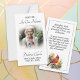 Personalised photo memorial cards funeral keepsakes. The front of this elegant and simple memorial card has, "Forever in our Hearts" with photo, name, birth date, date of passing. The back has a prayer you can personalise with a watercolor pictures of a cardinal.
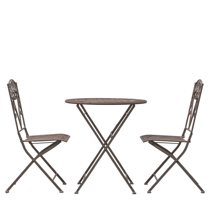 Ideal for balconies, smaller outdoor spaces and cosy garden corners, this lovely set offers a bistro café style. Crafted from metal in a lovely deep metal patina finish, the design is inspired by nature, with the pattern on the table top and chair seats evocative of leaves and trees. The table and chairs fold for easy storage when not in use. It is also available in an unusual pink finish. Material: Iron Product Zone: Outdoor Shape: Round Additional Information: Showerproof Set includes - OTDR: 2 x Folding Chair: W390 x D520 x H950 mm / 1 x Folding Bistro Table: W700 x D700 x H760 mm Seat Height - OTDR: 440mm Seat Width between arms - OTDR: 400mm Seat Depth - OTDR: 400 Seats - OTDR: 2 Leg / Feet Height - OTDR: 43mm Clearance to Floor - OTDR: 43mm Assembly Required - OTDR: No
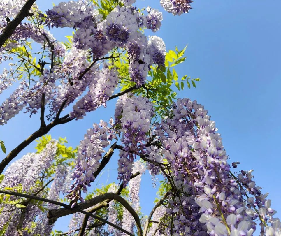 漫步沙湖公园,一不小心就会误入花海,恣意生长的紫藤花开满了枝头,让人不经意间撞个满怀。
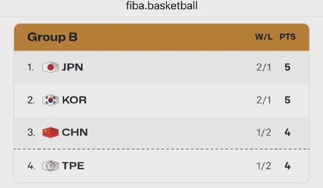 目前为止,中国男篮和中国台北队均是1胜2负,虽然中国男篮凭借净胜分优势暂时位列B组第三但输球就会被反超,所以接下来的对决同样不容有失,是没有任何借口必须赢下的比赛。
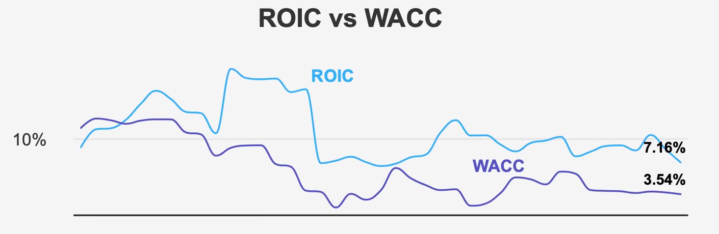 Importantly, economic profitability remains intact. The company’s five-year median return on invested capital of 9.02% comfortably exceeds its weighted average cost of capital of 3.84%. Even the current ROIC of 7.16% remains well above the 3.54% cost of capital. This persistent positive spread confirms that capital deployment continues to create value despite slower growth.
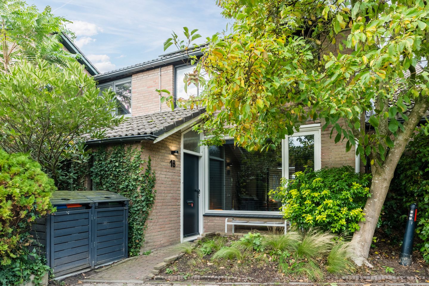 Via de entree kom je in de ruime hal met toegang tot de moderne toiletruimte met fonteintje. Vanuit de hal bereik je via een stijlvolle industriële deur de lichte woonkamer, voorzien van een warme houten vloer die doorloopt in de rest van de begane grond. De grote schuifpui zorgt voor veel lichtinval en direct contact met de tuin.
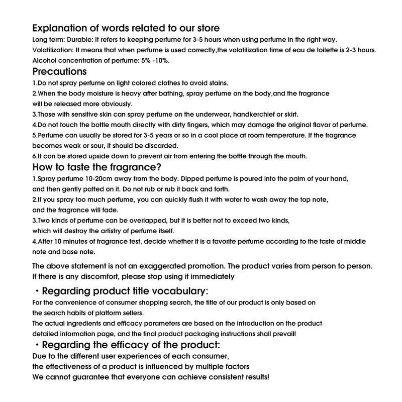【Long Lasting】: Enjoy a long-lasting fragrance with our women's perfume, designed to keep you smelling fresh and lovely throughout the day.
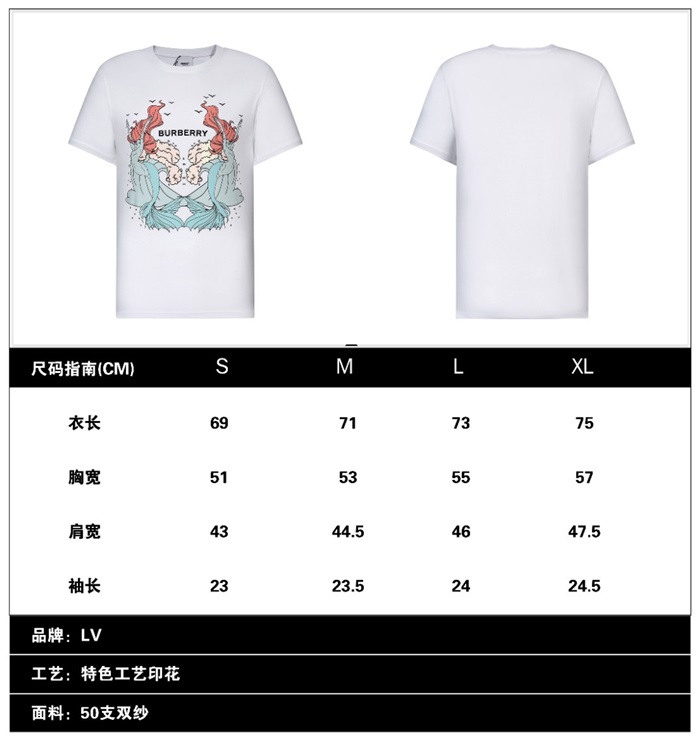 バーバリーバーバリーユニセックスコットン半袖Tシャツr03797ホワイト
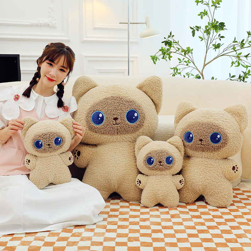 新商品のネットはかわいい青い目の猫のぬいぐるみの猫の子供を抱いて枕の人形のキャッチャーのはさみ機のメーカーを抱いて卸売りします。
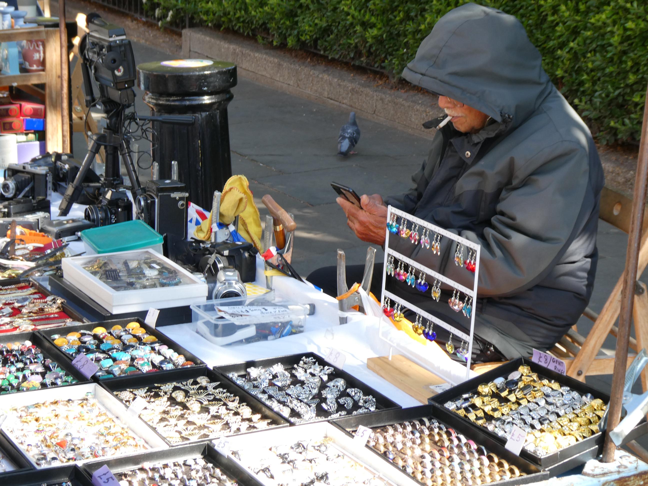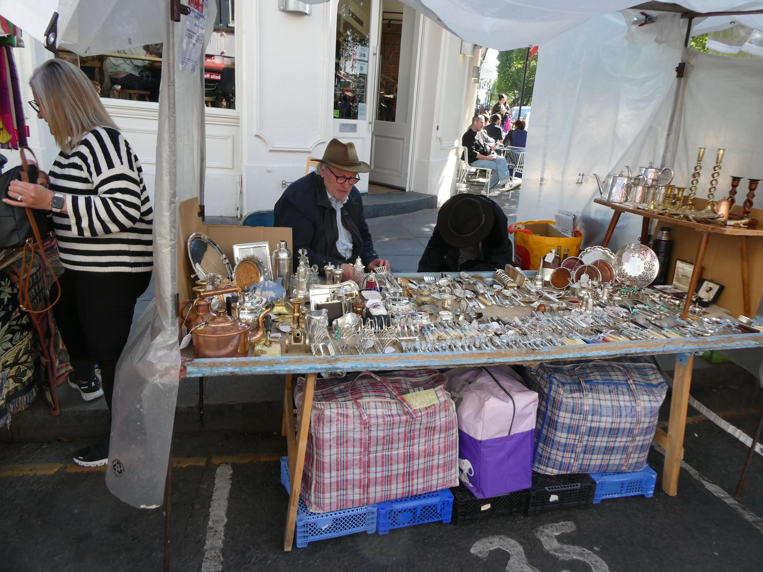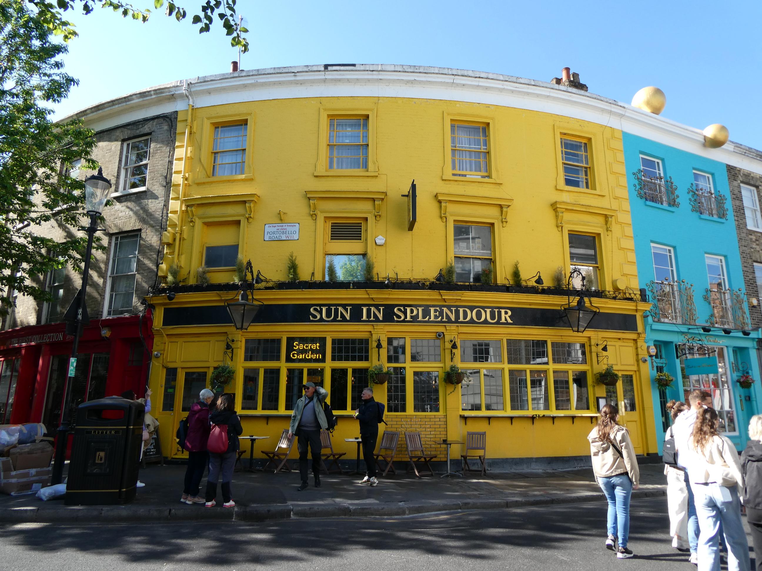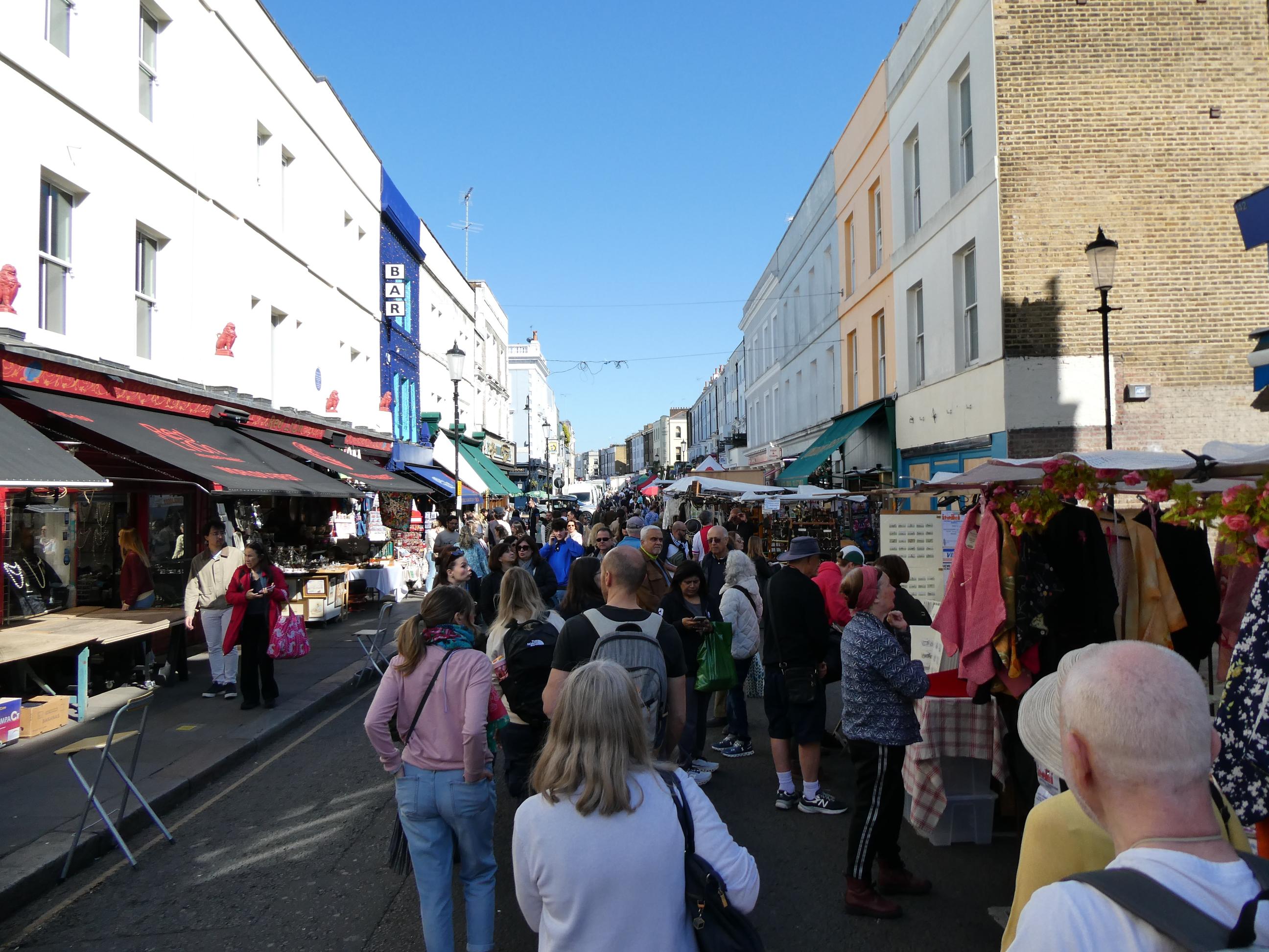 After breakfast, we walked to Portobello Road to spend some time at its famous market. On the way we passed a house bearing a blue plaque indicating that it was once the home of writer George Orwell. It immediately brought back memories of ‘Animal Farm’, which I remember studying in high school. Portobello Road Market in Notting Hill is one of London’s oldest street markets. On Saturdays the street becomes a vibrant sea of people squeezing past each other as they browse the many stalls and small shops in search of delicious foods, jewellery, antiques, vinyls, clothing, flowers and more. Many of the items for sale are pre-loved. The street was buzzing this morning in London’s current glorious weather. The sun was out and the sky was blue – the perfect day for a market like this. The market attracted a rich cultural mix of people. People everywhere were talking as we passed, and we heard many different languages spoken, as well as a broad range of British accents. We weren’t looking to buy anything, although Marg found a jumper she loved, and so did Cornelia. Nevertheless we really enjoyed the slow walk through the market and the people we came across. We also stopped for a brief photo opportunity at the bookstore made famous in the movie ‘Notting Hill’.

- [Work request]:
Omit the pictures and restate the rest of the records verbatim.

- [Written response]:
 Personalised photo memorial cards funeral keepsakes. The front of this elegant and simple memorial card has, "Forever in our Hearts" with photo, name, birth date, date of passing. The back has a prayer you can personalise with a watercolor pictures of a cardinal.
 Ideal for balconies, smaller outdoor spaces and cosy garden corners, this lovely set offers a bistro café style. Crafted from metal in a lovely deep metal patina finish, the design is inspired by nature, with the pattern on the table top and chair seats evocative of leaves and trees. The table and chairs fold for easy storage when not in use. It is also available in an unusual pink finish. Material: Iron Product Zone: Outdoor Shape: Round Additional Information: Showerproof Set includes - OTDR: 2 x Folding Chair: W390 x D520 x H950 mm / 1 x Folding Bistro Table: W700 x D700 x H760 mm Seat Height - OTDR: 440mm Seat Width between arms - OTDR: 400mm Seat Depth - OTDR: 400 Seats - OTDR: 2 Leg / Feet Height - OTDR: 43mm Clearance to Floor - OTDR: 43mm Assembly Required - OTDR: No
 漫步沙湖公园,一不小心就会误入花海,恣意生长的紫藤花开满了枝头,让人不经意间撞个满怀。
 目前为止,中国男篮和中国台北队均是1胜2负,虽然中国男篮凭借净胜分优势暂时位列B组第三但输球就会被反超,所以接下来的对决同样不容有失,是没有任何借口必须赢下的比赛。
 Importantly, economic profitability remains intact. The company’s five-year median return on invested capital of 9.02% comfortably exceeds its weighted average cost of capital of 3.84%. Even the current ROIC of 7.16% remains well above the 3.54% cost of capital. This persistent positive spread confirms that capital deployment continues to create value despite slower growth.
 Via de entree kom je in de ruime hal met toegang tot de moderne toiletruimte met fonteintje. Vanuit de hal bereik je via een stijlvolle industriële deur de lichte woonkamer, voorzien van een warme houten vloer die doorloopt in de rest van de begane grond. De grote schuifpui zorgt voor veel lichtinval en direct contact met de tuin.
【Long Lasting】: Enjoy a long-lasting fragrance with our women's perfume, designed to keep you smelling fresh and lovely throughout the day.
 バーバリーバーバリーユニセックスコットン半袖Tシャツr03797ホワイト
 新商品のネットはかわいい青い目の猫のぬいぐるみの猫の子供を抱いて枕の人形のキャッチャーのはさみ機のメーカーを抱いて卸売りします。
 After breakfast, we walked to Portobello Road to spend some time at its famous market. On the way we passed a house bearing a blue plaque indicating that it was once the home of writer George Orwell. It immediately brought back memories of ‘Animal Farm’, which I remember studying in high school. Portobello Road Market in Notting Hill is one of London’s oldest street markets. On Saturdays the street becomes a vibrant sea of people squeezing past each other as they browse the many stalls and small shops in search of delicious foods, jewellery, antiques, vinyls, clothing, flowers and more. Many of the items for sale are pre-loved. The street was buzzing this morning in London’s current glorious weather. The sun was out and the sky was blue – the perfect day for a market like this. The market attracted a rich cultural mix of people. People everywhere were talking as we passed, and we heard many different languages spoken, as well as a broad range of British accents. We weren’t looking to buy anything, although Marg found a jumper she loved, and so did Cornelia. Nevertheless we really enjoyed the slow walk through the market and the people we came across. We also stopped for a brief photo opportunity at the bookstore made famous in the movie ‘Notting Hill’.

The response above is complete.